We can say definitely that some of the people that worked under Segun Oni (and, perhaps, Oni himself) are good. Indeed, some commentators have suggested that, relatively speaking, the former Ekiti State governor did a good job while in office; more importantly, they further claimed that he did not loot the treasury.

That may or may not be true. However, Fayemi should realise that it is better to consolidate the achievements of Oni than to rashly abrogate everything he inherited just to create the placebo of “action governor”. Unfortunately, few actions already taken by Fayemi, such as dissolution of local government councils, are questionable and may create unnecessary problems for him in future. He should “make haste slowly,” because hasty decisions are usually the ones people regret most.

Again, Fayemi must be careful about sycophants posing as friends and lovers of Ekiti State but who, deep down, are only interested in sharing money stolen from the state.

As we stated earlier, his victory in court is much easier than providing first class leadership for Ekiti people, particularly after the satisfactory performance of his predecessor.

If Fayemi improves upon Oni’s achievements, that would justify his victory and strengthen people’s confidence in his ability to govern. He also will be rewarded when next he vies for any elective position in Ekiti. Having said that, let us beam our searchlight on the judicial decisions emanating from different courts regarding cases of corruption and financial crimes involving some prominent, well-heeled, Nigerians.

The tendency towards judicial parochialism is increasing at a time when the level of corruption and financial rascality by members of the ruling and business elite has reached alarming proportions. For example, former governors accused of elephantine corruption nowadays go to courts domiciled in their states to get one type of injunction or another against their prosecution.

The cases of James Ibori and Peter Odili former governors of Delta and Rivers states respectively, are paradigmatic in this respect. Also, plea bargain is gaining ground as a means of letting big men and influential madams receive extremely outrageous light sentences for corruption.

In this category are the decided cases of Tafa Balogun, former Inspector General of Police, Diepreye Alameyeseigha and Lucky Igbinedion, former helmsmen of Bayelsa and Edo states respectively and Cecilia Ibru, former managing director and chief executive officer of Oceanic Bank. The use of plea bargain in disposing cases is an accepted legal practice worldwide.

Its main advantage is that it avoids the necessity of lengthy, acrimonious and exhaustive trials, more so considering the heavy workload of judges and inadequate infrastructure for smooth and expedited dispensation of justice. Those who opt for plea bargain are mostly the rich and famous with huge financial resources to stretch trials almost indefinitely. But whereas in foreign countries, judges regularly reject the process or ensure that convicts are stripped of almost all they fraudulently accumulated and are handed a reasonable jail term as a deterrent, in Nigeria the reverse is the case.

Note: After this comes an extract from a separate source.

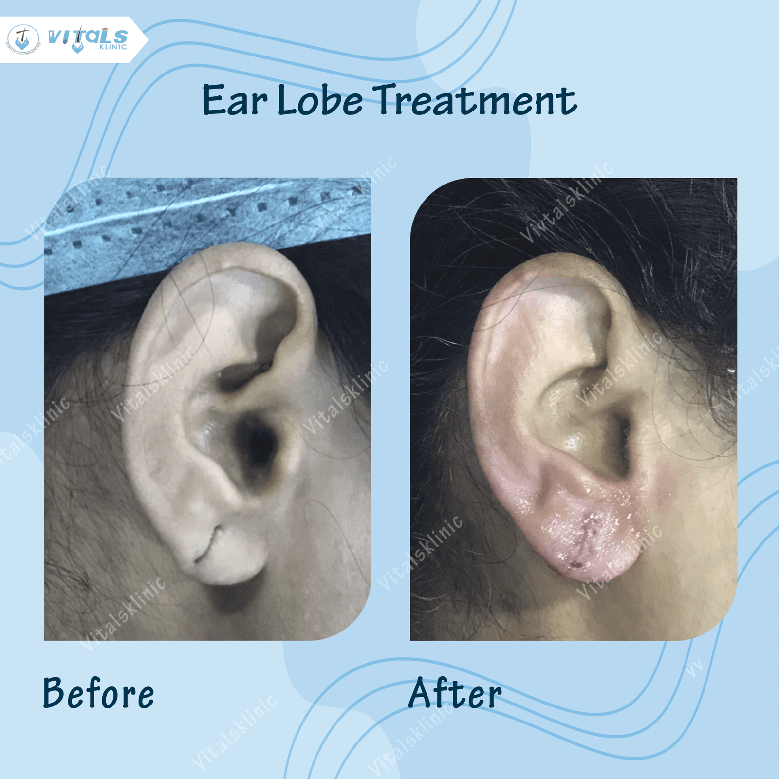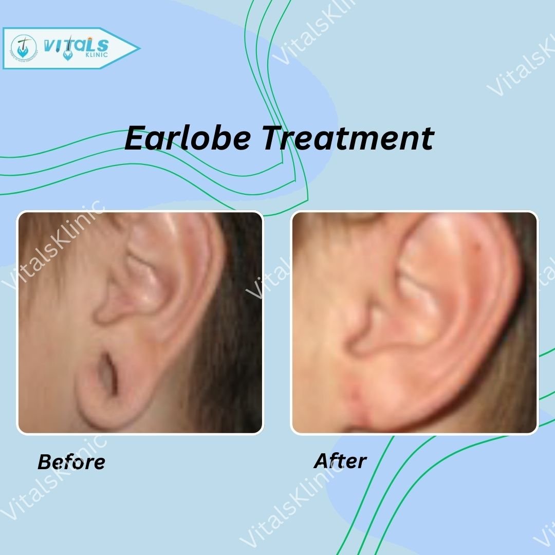 Earlobe repair surgery in Bangalore is a specialized cosmetic procedure designed to correct stretched, torn, or damaged earlobes caused by heavy earrings, trauma, gauges, or aging. At Vitals Klinic, our expert dermatologists and cosmetic surgeons perform safe and effective earlobe repair surgery in Bangalore using advanced techniques that restore natural shape and symmetry with minimal scarring and quick recovery.
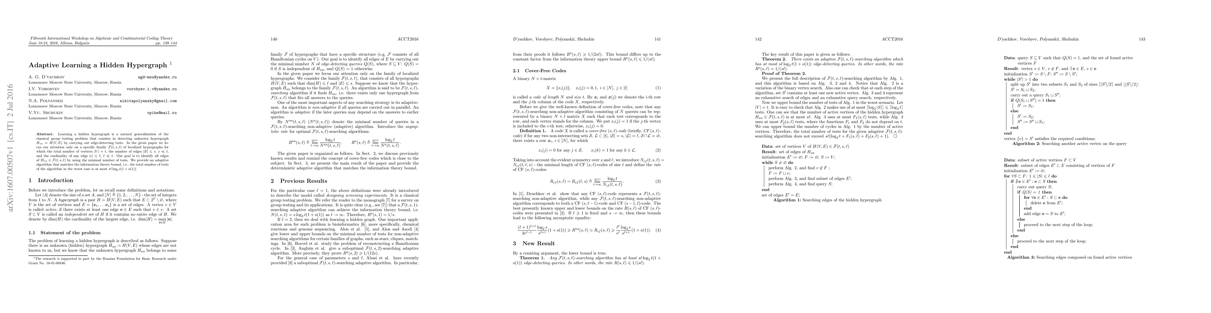 Learning a hidden hypergraph is a natural generalization of the classical group testing problem that consists in detecting unknown hypergraph $H_{un}=H(V,E)$ by carrying out edge-detecting tests. In the given paper we focus our attention only on a specific family $\mathcal{F}(t,s,\ell)$ of localized hypergraphs for which the total number of vertices $|V| = t$, the number of edges $|E|\le s$, $s\ll t$, and the cardinality of any edge $|e|\le\ell$, $\ell\ll t$. Our goal is to identify all edges of $H_{un}\in \mathcal{F}(t,s,\ell)$ by using the minimal number of tests. We provide an adaptive algorithm that matches the information theory bound, i.e., the total number of tests of the algorithm in the worst case is at most $s\ell\log_2 t(1+o(1))$.

In other words, some of our judges seem not to appreciate the fact that giving very short jail terms to big men and influential madams in the pretext of plea bargain ultimately undermines the war against corruption and corroborates allegations of graft in the judiciary. Again, as we observed earlier, it creates the impression that there are two sets of laws in Nigeria, namely, one for the rich and famous, the other for ordinary citizens. In fact, people now say that it is better to steal billions so that after giving the government a percentage of the loot one would, after two years imprisonment, go home and enjoy the remainder.

If this kind of thinking becomes widespread (and there are indications that Nigerians are embracing it) then the war against corruption has already been lost.

There is just no way the philosophy of “steal as much as you can and return whatever you must” behind the practice of plea bargain in Nigeria can discourage corruption in high places.

The following questions are for judges who offer very lenient soft landing to prominent plea bargainers: what is the fundamental justification for punishing offenders? Should the severity of punishment meted out to an offender be commensurate with the gravity of offence committed?

Is it morally right and just that people who stole billions of naira belonging to Nigerians or to companies as the case may be (with much wider negative multiplier-effects on the society) are given light jail terms whereas others that stole peanuts are jailed for much longer periods?

Should judges be totally insulated from the moral ecology of the society or insensitive to the feelings of the general public with respect to corruption?  It is evident that the way judges handle electoral and corruption cases will determine the type of society Nigeria will be in future.

Thus, they cannot afford to be part of the ugly morass of indiscipline and corruption because, as the old cliché says, “judiciary is the last hope of the common man.” We appeal to those working in the “temple of justice” to search their hearts and minds and tell themselves the truth. Some judges are corrupt; there is no doubt about that.

Nevertheless, although old habits die hard, it is also true that apart from death there is nothing in human existence that cannot change, or be changed, for the better.  Concluded.